Soobin leans down and kisses Yeonjun again, because he can. Kisses Yeonjun’s face like he’s delicate, mouths over his tears like they’re holy water. His breath fans over Yeonjun’s upper lip, and even that is sweet, like every part of Soobin was made for him to love. “Is it as good as you dreamed?”
“Better,” Yeonjun cries. “And for you?”
“Is it good?”
“Did you dream of me?”
“Oh, Hyung. Yeonjunnie,” Soobin says, holding his face like it’s the most precious thing in the world. “I’m dreaming of you even when you’re standing right in front of me.”
And he is.
*
When they all get breakfast the next morning, Taehyun and Beomgyu admit that they had taken bets on how long it would take the two of them to put it together. “I really thought it’d be next semester,” Beomgyu says, shaking his head at the two of them.
Taehyun whoops. “Too bad, pay up.”
Kai says, “Of course you’re a Pair. You’re both such idiots that it makes perfect sense. You’re made for each other.”
“Hey,” Soobin protests. “If I was the Half with the Sight I would’ve found Yeonjun immediately.”

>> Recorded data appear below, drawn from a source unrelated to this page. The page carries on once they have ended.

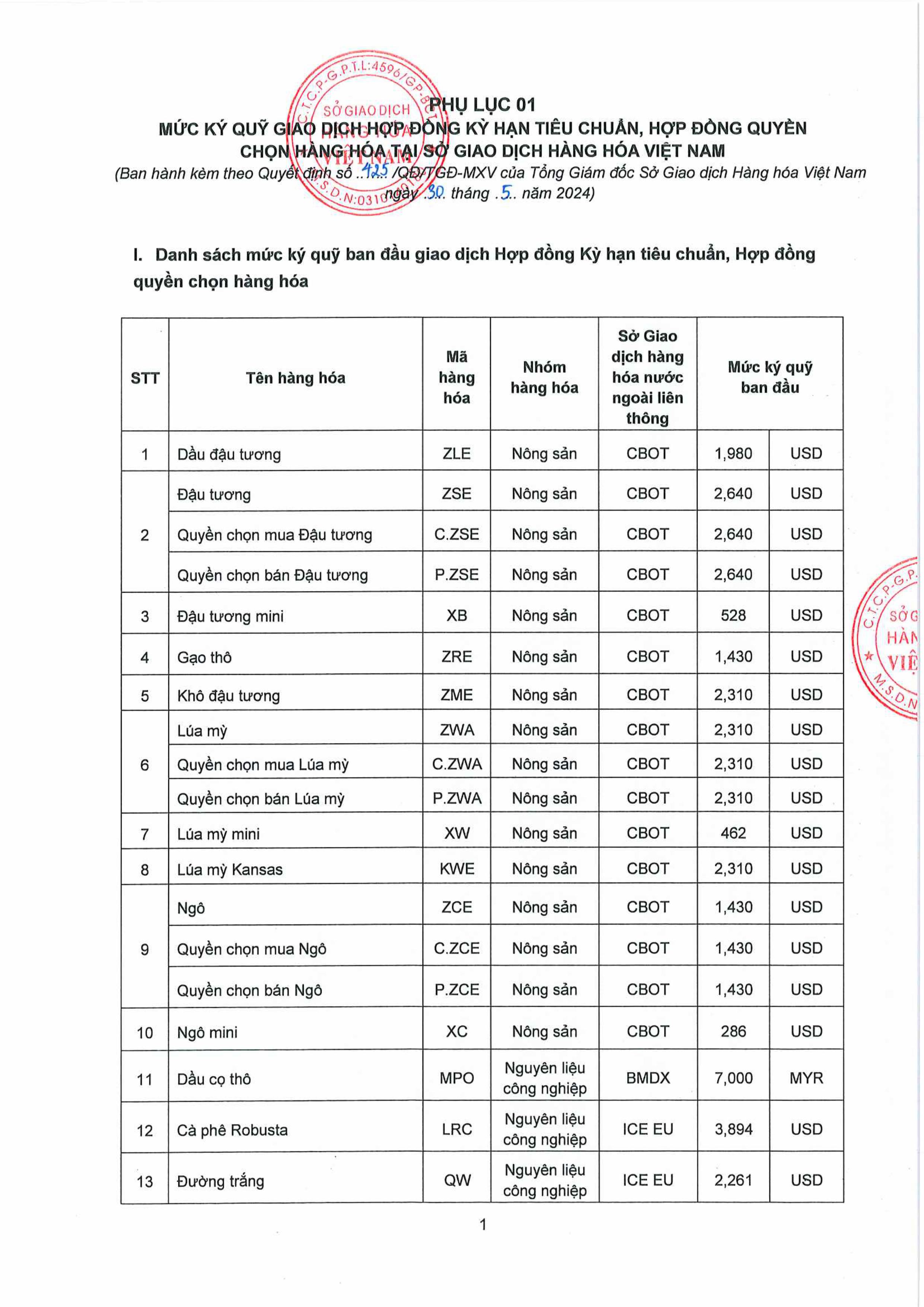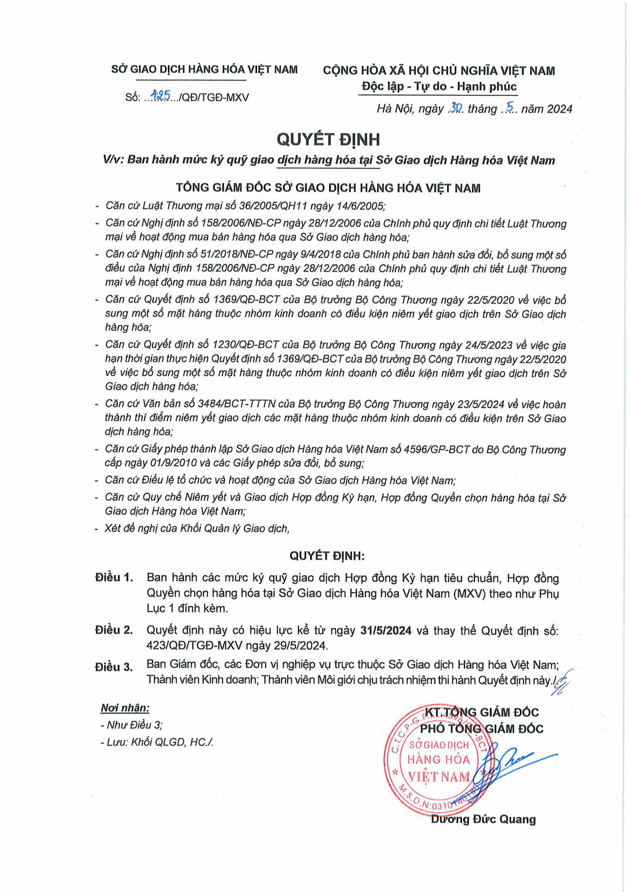 Căn cứ theo thông báo của Sở Giao dịch Hàng hóa Việt Nam, Công ty Cổ phần Hitech Finance gửi đến Quý Khách hàng Quyết định số: 434/QĐ/TGĐ-MXV Ngày 31/05/2024 Vv Ban hành mức ký quỹ giao dịch hàng hóa tại MXV.
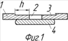 фиг.1 – ремонтируемая деталь с разделанным дефектным местом, зачищенным от жаростойкого покрытия участком поверхности h и прихваченной к детали сеткой;
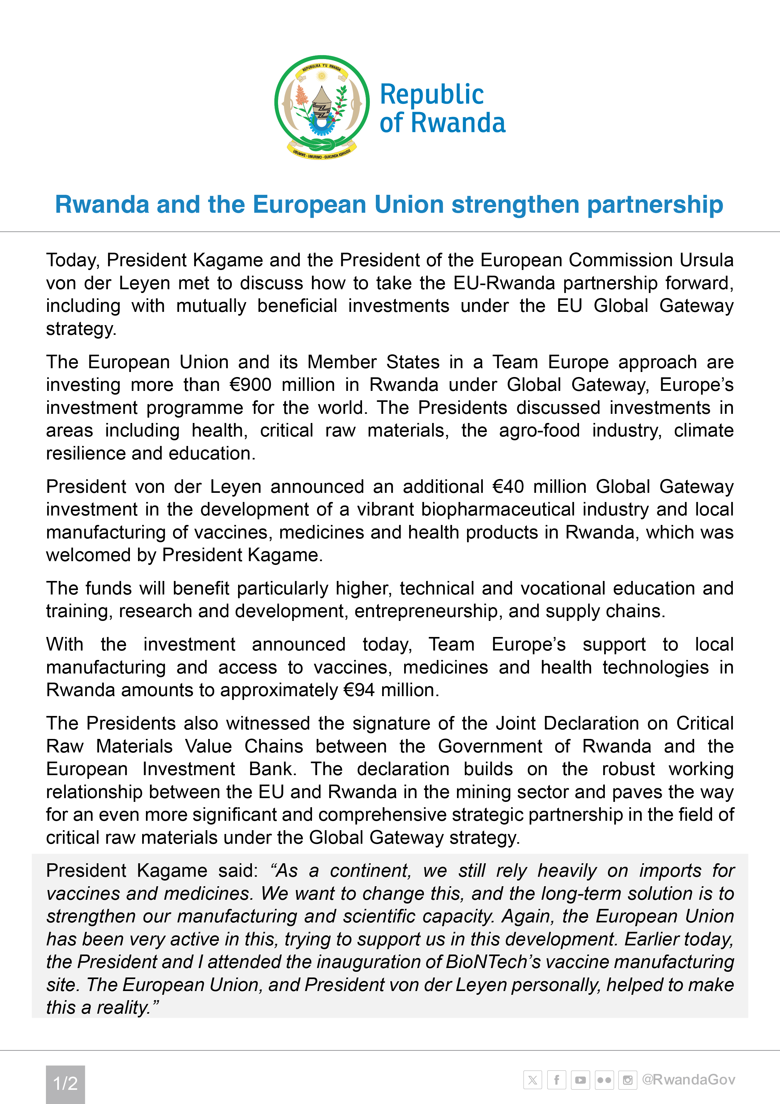 Rwanda and the European Union strengthen partnership
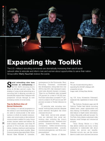 Expanding the Toolkit The U.S. military’s recruiting commands are dramatically increasing their use of social network sites to educate and inform men and women about opportunities to serve their nation. Group editor Marty Kauchak reviews the scene.
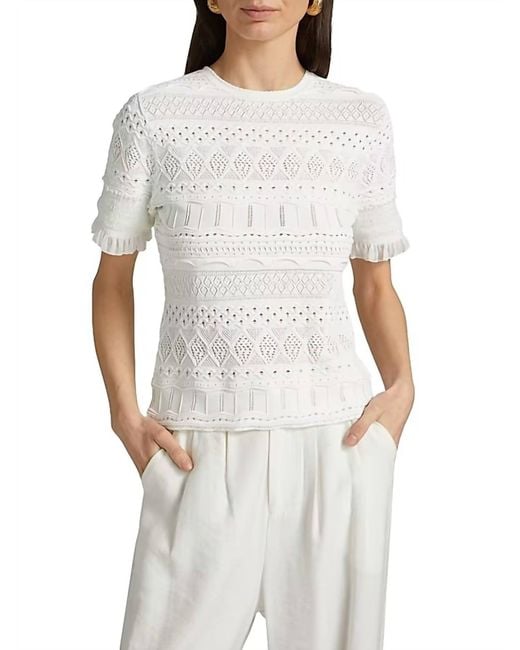 The short sleeve tee you'll want in every color.Elevate your spring closet with the Smocked Pointelle Top by MILLY, a chic addition in ecru perfect for engagement occasions. This women's tee features short sleeves with a delicate chiffon ruffle detail at the hem, crafted with a textured pointelle fabric that offers lots of stretch. The top is composed of 63% viscose and 37% nylon, providing a comfortable and breathable feel. Closure type is pull-on, and for care, simply hand wash and lay flat Color: white
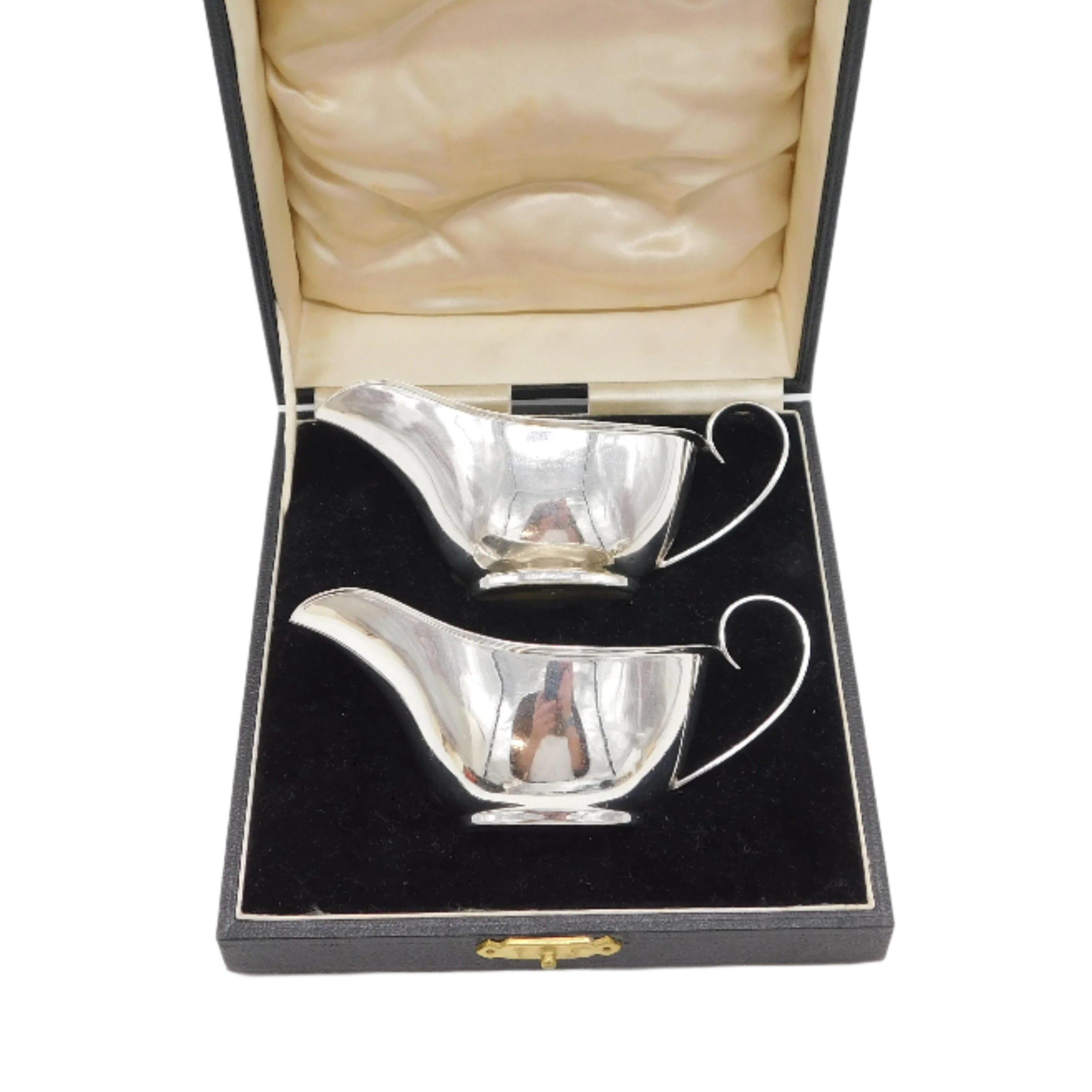 Boxed Pair of Sterling Silver Sauce Boats Antique 1939 Birmingham Art Deco
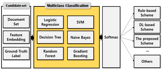 The multi-classifier operated through the following steps. First, we perform the feature embedding. The attributes of candidate documents for name disambiguation are transformed into vector representations via a feature embedding process, such as word2vec, doc2vec, and FastText. Next, we conduct performance evaluations for each name disambiguation schemes by using the transformed feature value. Finally, by comparing the performances, we select the best scheme as the ground truth label for the transformed feature value. We employ the labels to train the proposed multi-classifier. After all the ground truth labels were generated, training was conducted using these data and various existing multi-classifiers. The trained multi-classifier then received input values that were converted to vectors through the feature embedding process of site-specific metadata. Ultimately, the multi-classifier produced the most appropriate identification scheme as its output. Thus, selecting the most suitable name disambiguation scheme in real-world environments becomes possible where various metadata are generated. Furthermore, even when a new identification scheme is introduced, the multi-classifier can be extended by adding one label, enabling the utilization of an expandable multi-classifier model.
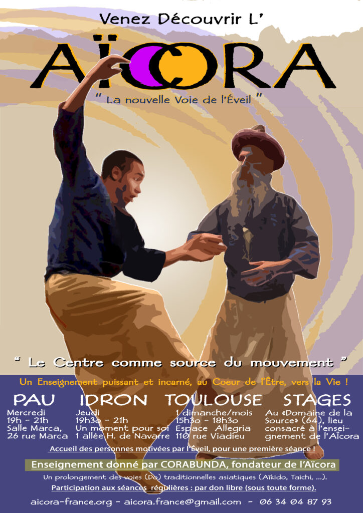 Relâchement, vitalité, centrage, puissance, bienveillance, par la connexion de Centre à Centre. L’Aïcora est une nouvelle pratique d’Éveil (libération de l’égo), en prolongement des voies (Do) traditionnelles asiatiques (Aïkido, Taichi, …).
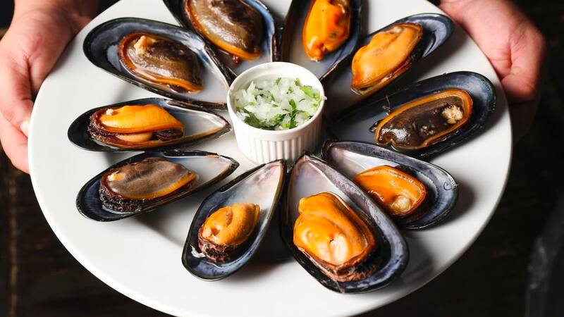 Así las cosas, nos pudimos ubicar en uno de los comedores del segundo piso y para partir pedimos una porción de ostras ($8.900) más una copa de espumante ($3.900) y un schop Mestra ($4.900). Los bebestibles llegaron a la mesa junto a una panera con unos pequeños panes amasados calentitos, de vicio, y mantequilla. Después vinieron las ostras (12) todas bien pequeñas, gorditas y muy sabrosas. Venían servidas sobre un plato con hielo picado y acompañadas por una salsa verde. Sin embargo, solo con limón quedaron mucho mejor.
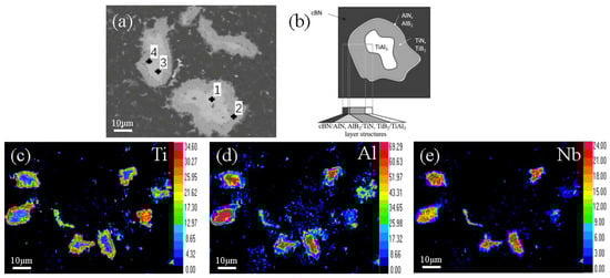 An EPMA analysis was performed on each point in Figure 5a. The corresponding results are presented in Table 1. The white phases surrounded by the diffusion layer are indicated by 1# and 3# (Figure 5a). In these areas, the content of Al was high, whereas the contents of B and N were low, indicating that these areas were mainly composed of TiAl3. The phases of the gray diffusion layer are indicated by 2# and 4# (Figure 5a). The content of Ti in these areas was significantly higher than in other regions. The contents of B and N were also high in the diffusion layer. Thus, it is concluded that Ti was rapidly consumed to form a large portion of the TiB2 and TiN phases. Figure 5e shows that the Nb elements were distributed in the center of the original TiAl area and hardly diffused to the matrix. There was no phase that contained Nb in the XRD spectra, which means that Nb was solubilized in the TiAl3 phase. The line scan in Figure 4b indicates that when the EDS signal moved from the matrix to the original TiAl region, B and N content decreased, whereas Al and Ti content increased. Al content reached the first peak ahead of Ti, and then the Al content gradually decreased, while the Ti content maximized. The existence of AlN and AlB2 peaks in the XRD spectra and the presence of Al-N peaks in the Raman spectrum indicate that the nitrides and borides of Al were distributed in the thin Al-rich region against the black matrix and formed cBN/AlN, AlB2/TiN, and TiB2/TiAl3-layered structures, as showed in Figure 5b.
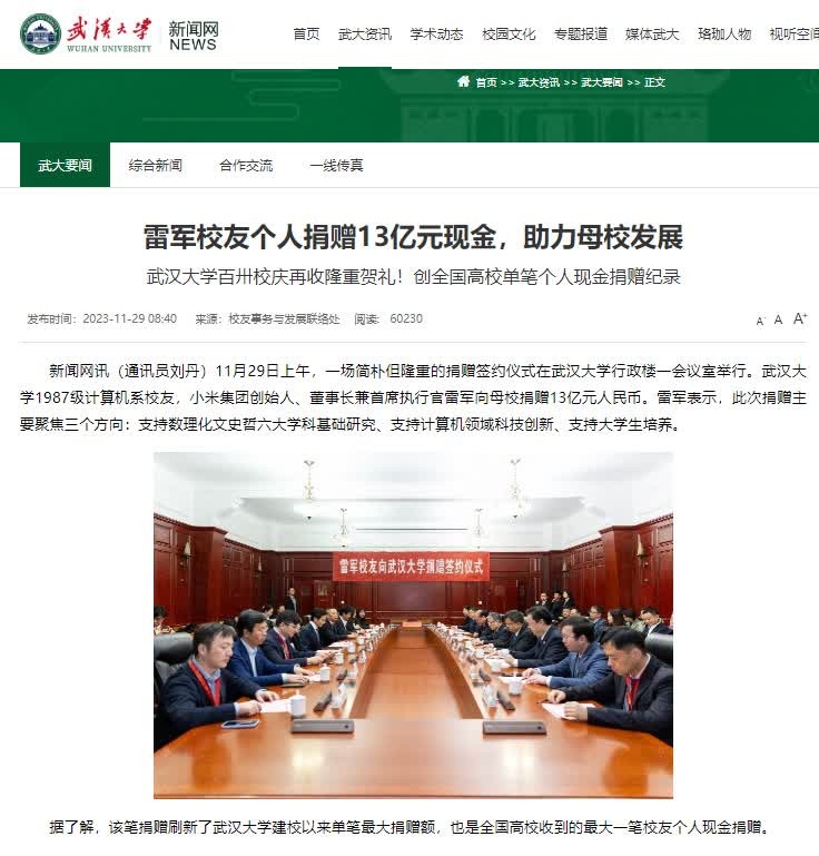 香港新聞網11月30日電 據武漢大學官網消息,29日上午,武漢大學1987級計算機系校友,小米集團創始人、董事長兼首席執行官雷軍向母校捐贈13億元人民幣。雷軍表示,此次捐贈主要聚焦三個方向:支持數理化文史哲六大學科基礎研究、支持計算機領域科技創新、支持大學生培養。 據了解,該筆捐贈刷新了武漢大學建校以來單筆最大捐贈額,也是全國高校收到的最大一筆校友個人現金捐贈。
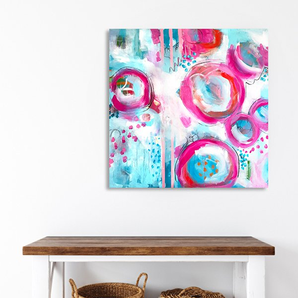 Acryl auf Leinwand mit Keilrahmen aus Holz, Größe: 50 x 50 cm, mit einem bemalten Rand von 5 cm

Yeonjun glares at him. “It’s not that easy!”
Soobin is smiling, though. He tangles his fingers with Yeonjun’s under the table.“I know, I know.”
Yeonjun can’t help but smile back. There are just some things about being a Pair that are easier to experience than to watch. Like the way Yeonjun can’t seem to not smile whenever Soobin meets his eyes, or the tinge of anxiety that goes up his neck unless he can be touching Soobin in some capacity at all times. It’s overwhelming, sometimes too much. Most of the time, it’s just enough. You don’t know until you know. Now, Yeonjun knows.
Or maybe that’s just Soobin. Yeonjun’s sweet, sweet Soobin who is actually his now. Forever. The honeymoon phase goes away, is what everybody says, but Yeonjun can’t imagine a day where Soobin will look at him and his traitorous heart won’t skip a beat. He likes it that way. He squeezes Soobin’s hand back.
Maybe they’re doing a bad job at being subtle, because the others make disgusted faces at them. Yeonjun is sure to bring up Taehyun and Beomgyu’s own post-First-Sight adventures. They were much, much worse. And then he wrestles Kai into a headlock, taller than him or not, and assures the younger, “You’re next.”
Soobin laughs loudly at his antics, watching him with something like love in his eyes. Like the books, the movies, the songs. Yeonjun knows now—yeah, his life is full of love. So, what’s a little more?